Earlier Rationalists. J. S. Semler's immediate answer (Halle 1779) could not stop the growing flow of rationalistic attacks on the real life of Jesus. K. H. G. Venturini's (1768–1849) Natürliche Geschichte des grossen Propheten von Nazareth (3 v. 1800; 2d ed. 4 v. Jena 1805) is full of exaggerations. He proposed a frivolous view of the Nativity, and according to him Jesus was crucified by the disillusioned populace and brought back to life by His friends after His apparent death. Venturini alluded to an essene affiliation of Jesus, a theory that was taken up by Salvator in his Life of Jesus (2 v. Paris 1838). A much milder, more esthetic approach was shown in J.G. von herder (1744–1803), Vom Erlöser des Menschen nach unseren drei ersten Evangelien (Riga 1796) and Von Gottes Sohn der Weltheiland nach Johannes Evangelium (Riga 1797). Herder was the first to insist that any historical harmonization between John and the Synoptics must be regarded as impossible. H. E. G. Paulus
(1761–1851) in his Das Leben Jesu als Grundlage einer reinen Geschichte des Urchristentums (2 v. Heidelberg 1828) mercilessly eliminated everything that is miraculous or supernatural.

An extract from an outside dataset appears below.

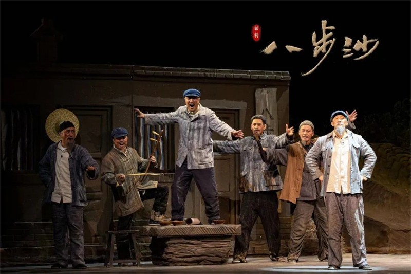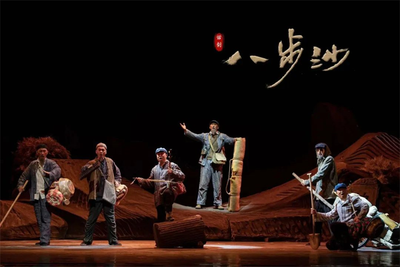 話劇《八步沙》根據(jù)中宣部命名的“時(shí)代楷?!焙汀白蠲缞^斗者”榮譽(yù)稱號(hào)獲得集體——甘肅武威古浪八步沙“六老漢”三代人治沙造林先進(jìn)群體真實(shí)事跡創(chuàng)作,以舞臺(tái)藝術(shù)生動(dòng)再現(xiàn)了八步沙“六老漢”治沙造林的感人事跡。話劇《八步沙》充分發(fā)揮話劇藝術(shù)直面現(xiàn)實(shí)生活書寫時(shí)代風(fēng)采的優(yōu)勢(shì),既有生動(dòng)感人的故事,又有詼諧幽默的笑點(diǎn),更不乏令人感動(dòng)的“淚點(diǎn)”,生動(dòng)地表現(xiàn)了“六老漢”創(chuàng)造幸福人生,追尋探究人生價(jià)值的真諦。

Later Rationalists. F. D. E. schleiermacher's (1768–1834) mild resistance to these rationalistic interpretations in his Berlin University lectures on the life of Jesus (1831–32, ed. posthumously by Rüterich, Berlin 1864) was soon followed by the most extreme and logical explosion of rationalistic thought. D. F. strauss (1808–74), who had attended Schleiermacher's lectures, published Das Leben Jesu kritisch bearbeitet (2 v. Tübingen 1835; English tr. The Life of Jesus Critically Examined, from the 4th German ed., London 1846, 3d ed. 1898). Influenced by G. W. F. hegel, Strauss first proposed the myth theory: although Jesus of Nazareth was a historical person, in the preaching of His disciples the true facts of His life and teachings were completely covered by Old Testament messianic dreams and other mythological imaginations; unintentionally the Gospel story became nothing else but a presentation of primitive Christian ideology that resembled history. Later, Strauss published a somewhat milder version of his ideas in Das Leben Jesu für das deutsche Volk bearbeitet (Leipzig 1863). However, in answering the publication of Schleiermacher's lectures, he returned to his extreme views in Der Christus des Glaubens und der Jesus der Geschichte (Berlin 1865).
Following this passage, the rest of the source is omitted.